> **What to do**: Pictures aside, reproduce exactly each line from the one holding "疫情面前,心手相連。貴州省美" through the last line of the material, both ends included.

> **Provided data**:
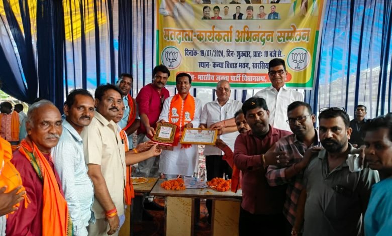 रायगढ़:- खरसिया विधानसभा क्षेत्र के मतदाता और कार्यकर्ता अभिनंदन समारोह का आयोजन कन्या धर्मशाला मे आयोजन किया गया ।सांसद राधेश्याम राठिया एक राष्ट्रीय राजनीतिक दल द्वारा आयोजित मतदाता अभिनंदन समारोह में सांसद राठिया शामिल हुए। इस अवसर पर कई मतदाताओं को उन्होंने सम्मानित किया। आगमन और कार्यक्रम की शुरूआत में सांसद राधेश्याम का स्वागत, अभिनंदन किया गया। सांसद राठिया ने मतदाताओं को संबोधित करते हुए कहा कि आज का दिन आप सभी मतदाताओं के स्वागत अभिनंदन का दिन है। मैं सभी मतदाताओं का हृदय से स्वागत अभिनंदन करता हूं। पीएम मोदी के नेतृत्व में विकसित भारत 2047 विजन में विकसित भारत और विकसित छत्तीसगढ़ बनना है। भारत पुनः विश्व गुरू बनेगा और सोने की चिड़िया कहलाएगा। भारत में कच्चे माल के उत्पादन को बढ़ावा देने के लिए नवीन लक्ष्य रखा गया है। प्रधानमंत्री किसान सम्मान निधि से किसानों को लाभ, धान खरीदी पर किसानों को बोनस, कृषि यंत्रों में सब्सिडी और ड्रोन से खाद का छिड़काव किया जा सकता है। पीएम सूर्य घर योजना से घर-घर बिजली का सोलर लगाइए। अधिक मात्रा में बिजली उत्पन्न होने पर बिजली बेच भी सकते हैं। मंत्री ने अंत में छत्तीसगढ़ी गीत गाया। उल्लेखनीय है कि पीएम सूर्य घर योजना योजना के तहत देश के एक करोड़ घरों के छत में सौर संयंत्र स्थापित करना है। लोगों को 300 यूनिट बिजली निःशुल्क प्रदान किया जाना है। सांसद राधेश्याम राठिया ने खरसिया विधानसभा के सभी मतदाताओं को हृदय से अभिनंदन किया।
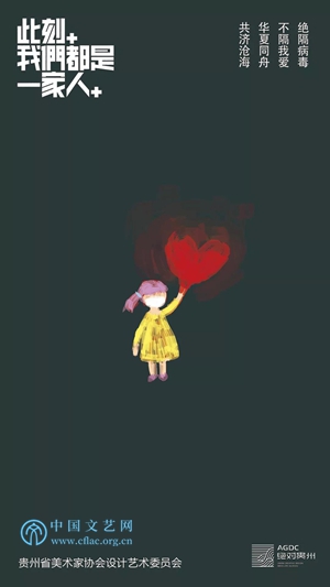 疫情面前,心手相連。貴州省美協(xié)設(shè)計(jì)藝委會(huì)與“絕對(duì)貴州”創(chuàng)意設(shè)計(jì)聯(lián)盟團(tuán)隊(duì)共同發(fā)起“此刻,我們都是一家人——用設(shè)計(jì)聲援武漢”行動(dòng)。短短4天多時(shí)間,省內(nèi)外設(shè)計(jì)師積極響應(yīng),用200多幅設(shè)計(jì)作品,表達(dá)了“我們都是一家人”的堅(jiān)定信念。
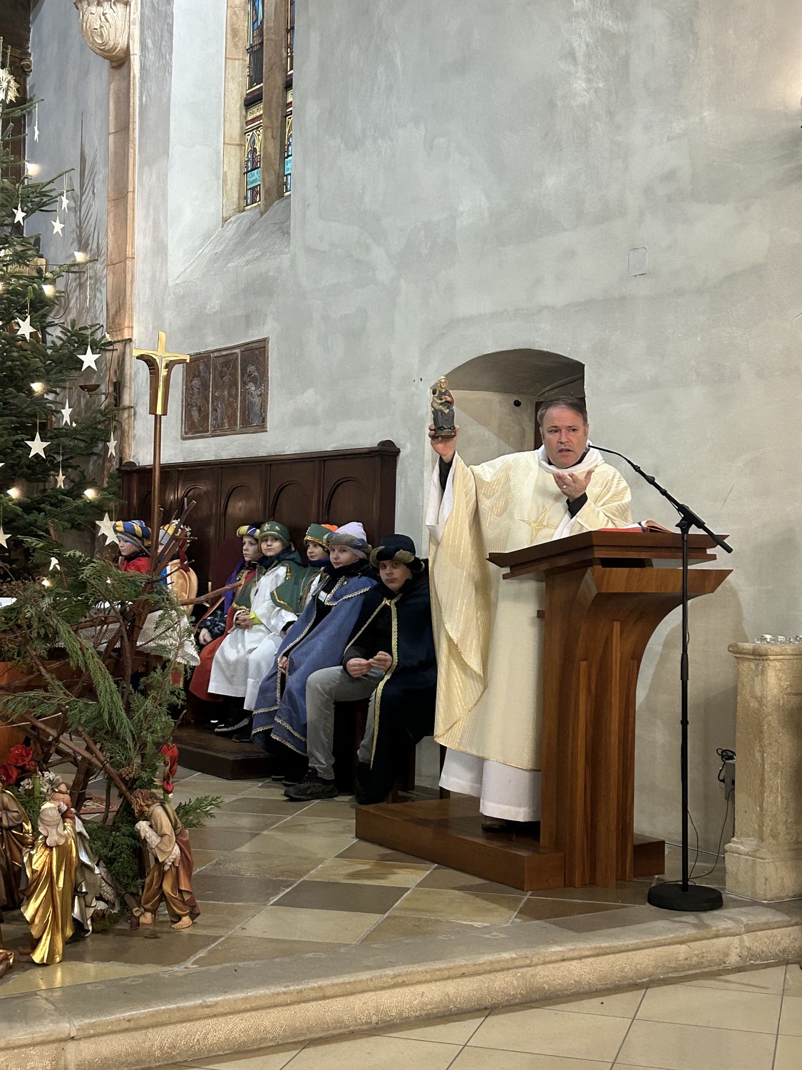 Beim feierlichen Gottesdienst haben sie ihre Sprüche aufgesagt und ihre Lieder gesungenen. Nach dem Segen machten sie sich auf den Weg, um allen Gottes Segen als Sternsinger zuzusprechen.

> **Output of the task**:
 疫情面前,心手相連。貴州省美協(xié)設(shè)計(jì)藝委會(huì)與“絕對(duì)貴州”創(chuàng)意設(shè)計(jì)聯(lián)盟團(tuán)隊(duì)共同發(fā)起“此刻,我們都是一家人——用設(shè)計(jì)聲援武漢”行動(dòng)。短短4天多時(shí)間,省內(nèi)外設(shè)計(jì)師積極響應(yīng),用200多幅設(shè)計(jì)作品,表達(dá)了“我們都是一家人”的堅(jiān)定信念。
 Beim feierlichen Gottesdienst haben sie ihre Sprüche aufgesagt und ihre Lieder gesungenen. Nach dem Segen machten sie sich auf den Weg, um allen Gottes Segen als Sternsinger zuzusprechen.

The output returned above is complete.